Leases is one of the important accounting standard on which detailed improvements /modifications has been made in recent times. Therefore, this article is an attempt to demystify the relevant accounting standard on Leases. My attempt is to present the relevant standards in simple language.

Following are the relevant standards relating with Accounting for leases

1. IND AS 17- Old standard

2. IAS 17-Old standard.

3. INDAS 116-Leases-Inserted by the Companies (Accounting Standards) Amendment Rules 2019 w.e.f 1/4/2019

4. IFRS 16, Leases-Corresponding International Financial Reporting Standard issued by IASB

5. IFRS 16 replaces IAS 17 effective 1 January 2019, with earlier application permitted.

6. AS 19 Leases.

Lease word cloud

PART I. Old Standards

There isno major differences between INDAS -17 and IAS 17.

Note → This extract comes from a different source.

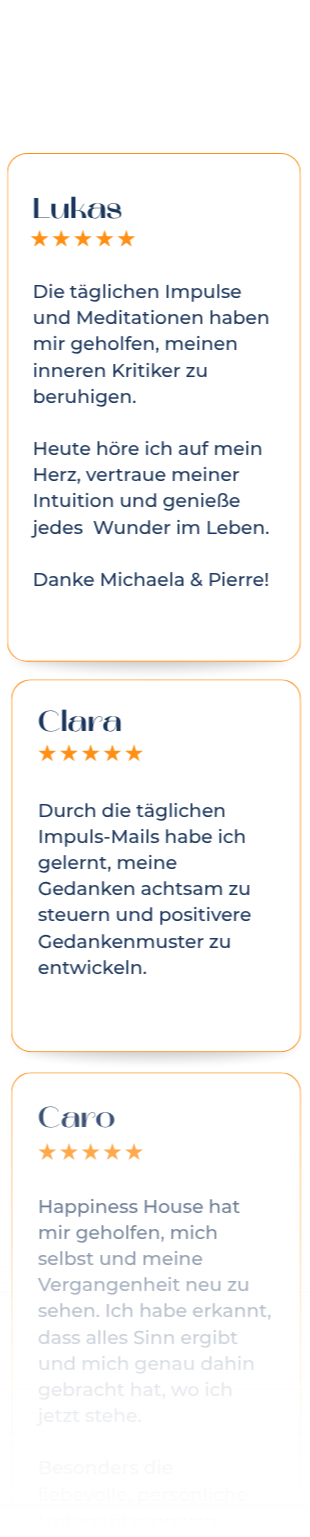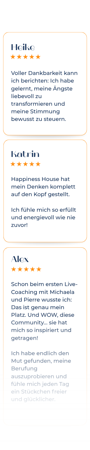 Wir, Michaela & Pierre, haben Happiness House als Dein digitales Zuhause geschaffen, um Dir die Möglichkeit zu geben, Deine Schwingung zu erhöhen und den Weg in mehr Leichtigkeit, Freiheit und Glück zu erschaffen.

Therefore, the following explanations are related with both INDAS 17 and IAS 17.

I. Accounting for leases

II. Lease

It is an arrangement between lessor and lessee through which the lessor gives the right to use an asset for given period of time to lessee on lease rent

III. Objective

To prescribe appropriate accounting policies and disclosure in relation to the lease for the following parties of a lease arrangement.

a. Lessor

b. Lessee

IV. Scope

Applicable in accounting for all leases except :

a. Lease to explore or use minerals , oil ,natural gas & non-regenerative resources

b. Licensing agreement

V. Type of leases

1. Finance Lease

Under the following circumstances,the lease transactions are called Finance lease

1. Owner ship transferred from lessor to lessee at the end of lease

2. Lease can use the bargain purchase option to buy the leased asset at the end of the term

3. When the lease term covers major part of life of asset

4. An arrangement which transfers substantially all risks and rewards incidental to ownership of an asset to the lessee by the lessor

5. when the present value of minimum lease payments greater than or substantially equal to the asset’s fair value

2. Operating Lease

Lease other than Finance lease

VI. Accounting for finance lease -in the books of lessee

A. Following are the important points related with Accounting for finance leases

1. The lessee has to recognize lease as an asset &liability

2. Formula to recognize leased asset

Minimum of

a. Fair value of Asset

b. Present value of minimum lease payments@ interest rate implicit in the lease.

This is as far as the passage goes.